Last Wednesday a group called Moms on the Move held protests in 20 communities to protest B.C. Liberal cuts to funding for special needs kids, including to autism, fetal alcohol syndrome and mental illness treatment programs.

Despite the obvious importance of their plight, the protests received next to no media coverage, with less than a dozen news stories online and none in major media.

But disrupt the Olympic torch run and watch the media fly -- there were hundreds of stories about the protesters' disruption and it dominated television coverage. (Bill Tieleman, “Dissent and BC’s Media,” the Tyee, 3 Nov. 2009)

Don't you just hate it when someone crashes the corporate party?

Whenever people are being set up as fundamentally hatred-worthy, protections by civil liberties are soon to go. Civil liberty talk becomes all about setting the speakers up as, in essence, restrained and principled, so at that point when they decide protestors simply have gone "too far," and civil liberties are dispensed with in favor of beat first, piss on later, they have demonstrated to themselves that what in truth is their sadistic indulgence, is really, is incontrovertibly, absolute last measure necessity to keep anarchy at bay. It's all about setting things up so that when they later turn all militant brutal, they feel no guilt.
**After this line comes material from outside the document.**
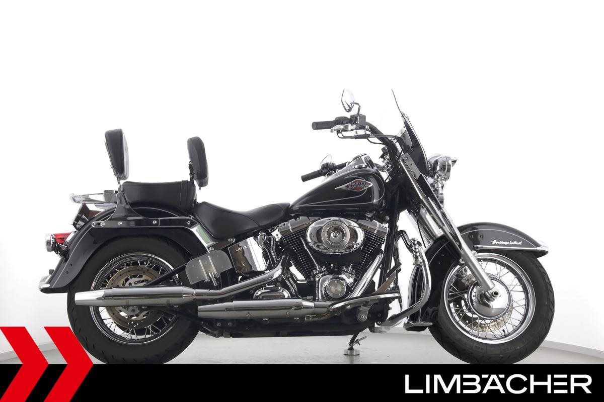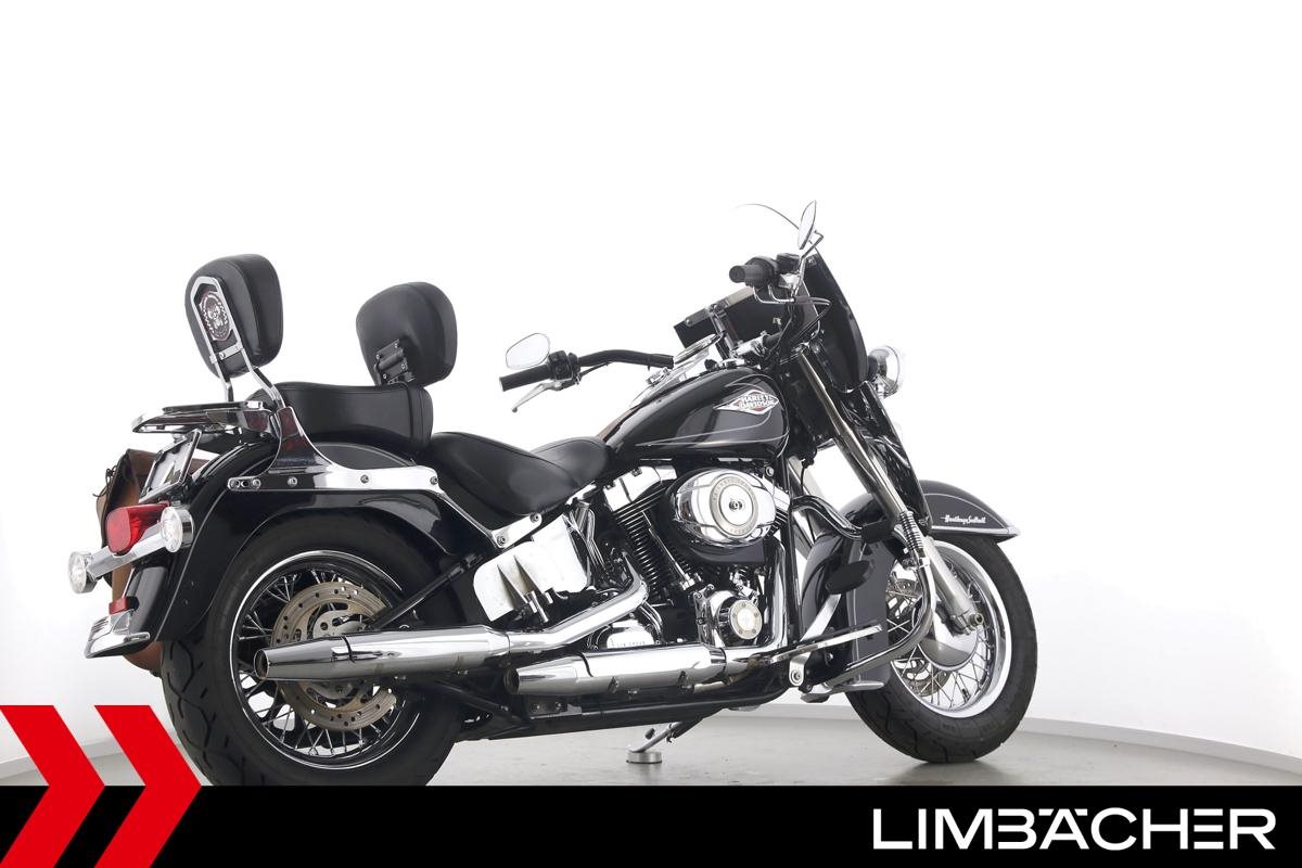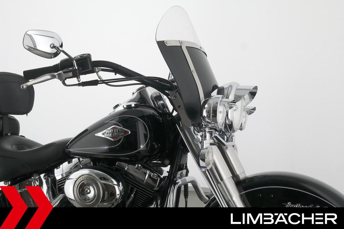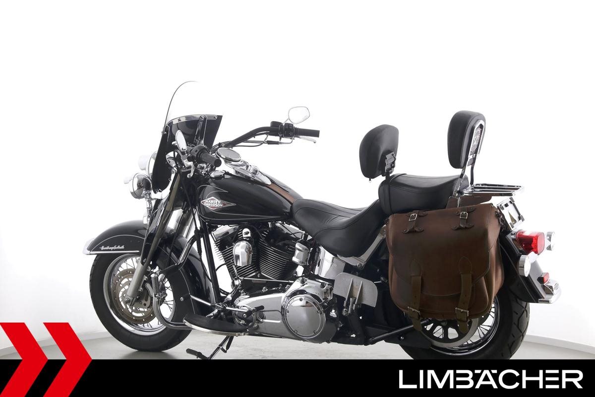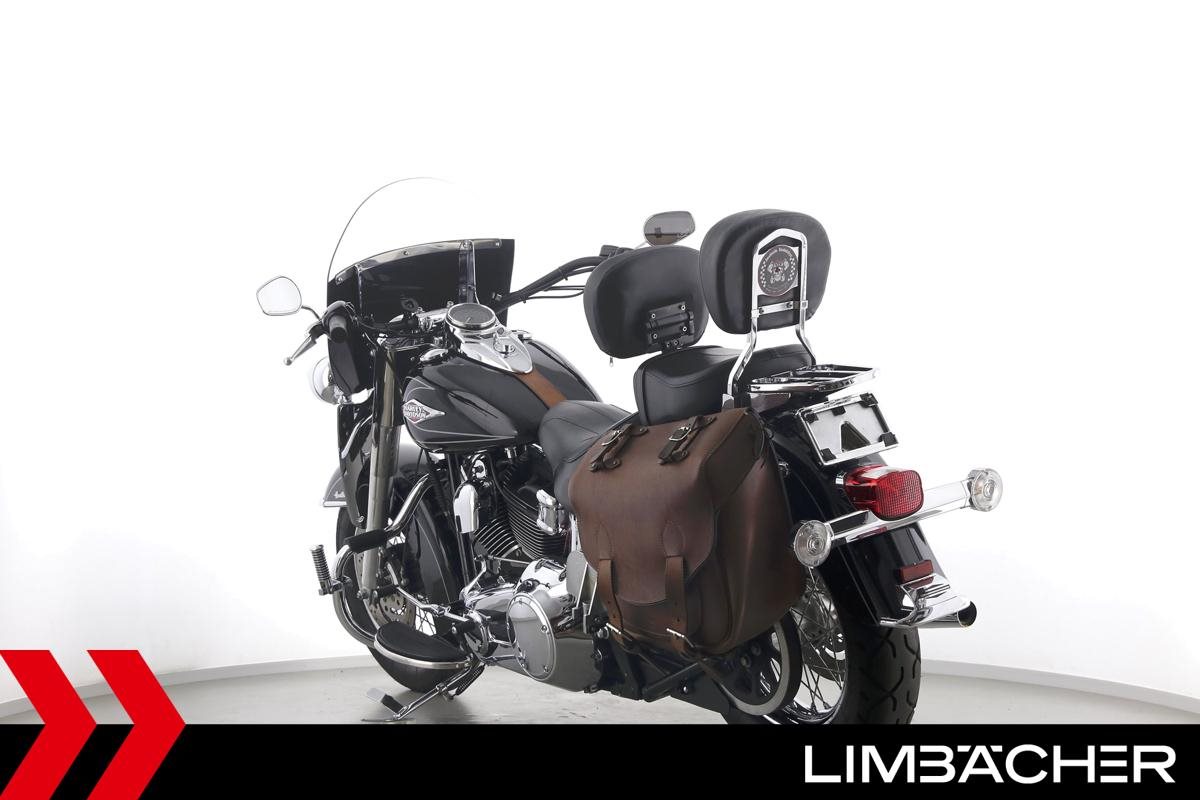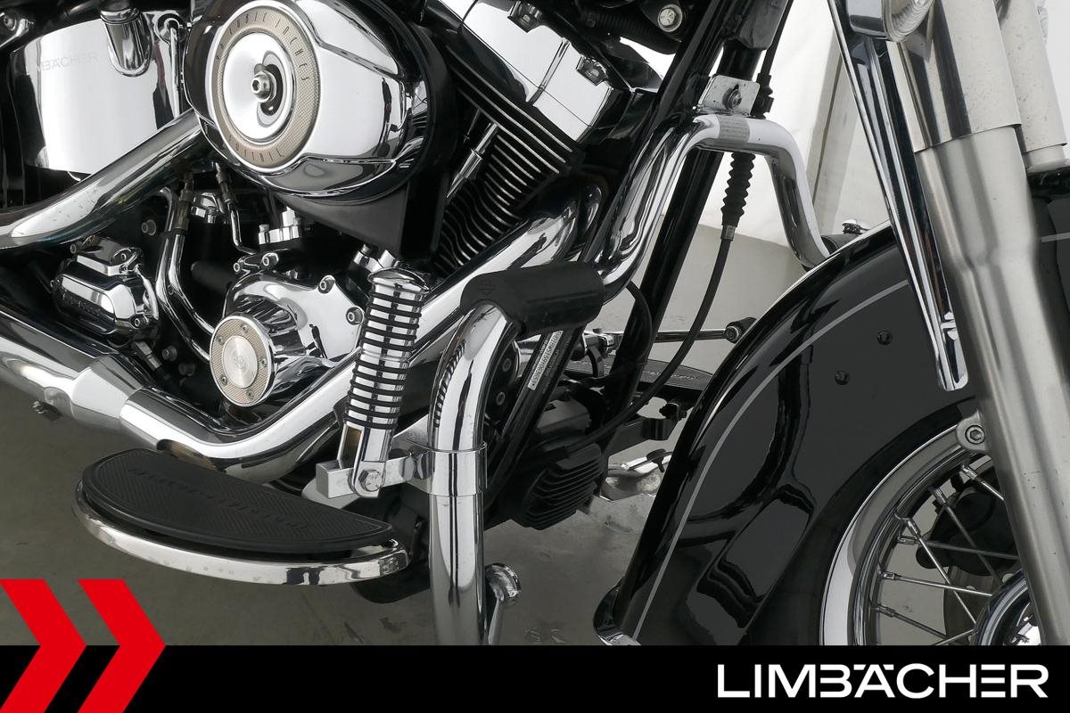 Eine Harley-Davidson Heritage Softail Classic FLSTC in sehr gepflegtem Zustand u.a. mit Tourenscheibe und Sturzbügel.

With the way Bill sets this up, with self-involved protestors taking away chance of a lifetime thrills, you know what path he's on. Count him amongst those who will effort to crush those who dare think and behave independently.

I wonder if someone was once awakened out of a fugue-like, sick happy trance, by someone's independent action? Is this story about dreams spoiled, and lifetime trauma incurred, or awakening to the fact that there is life outside of McHappy town, and it's to be preferred?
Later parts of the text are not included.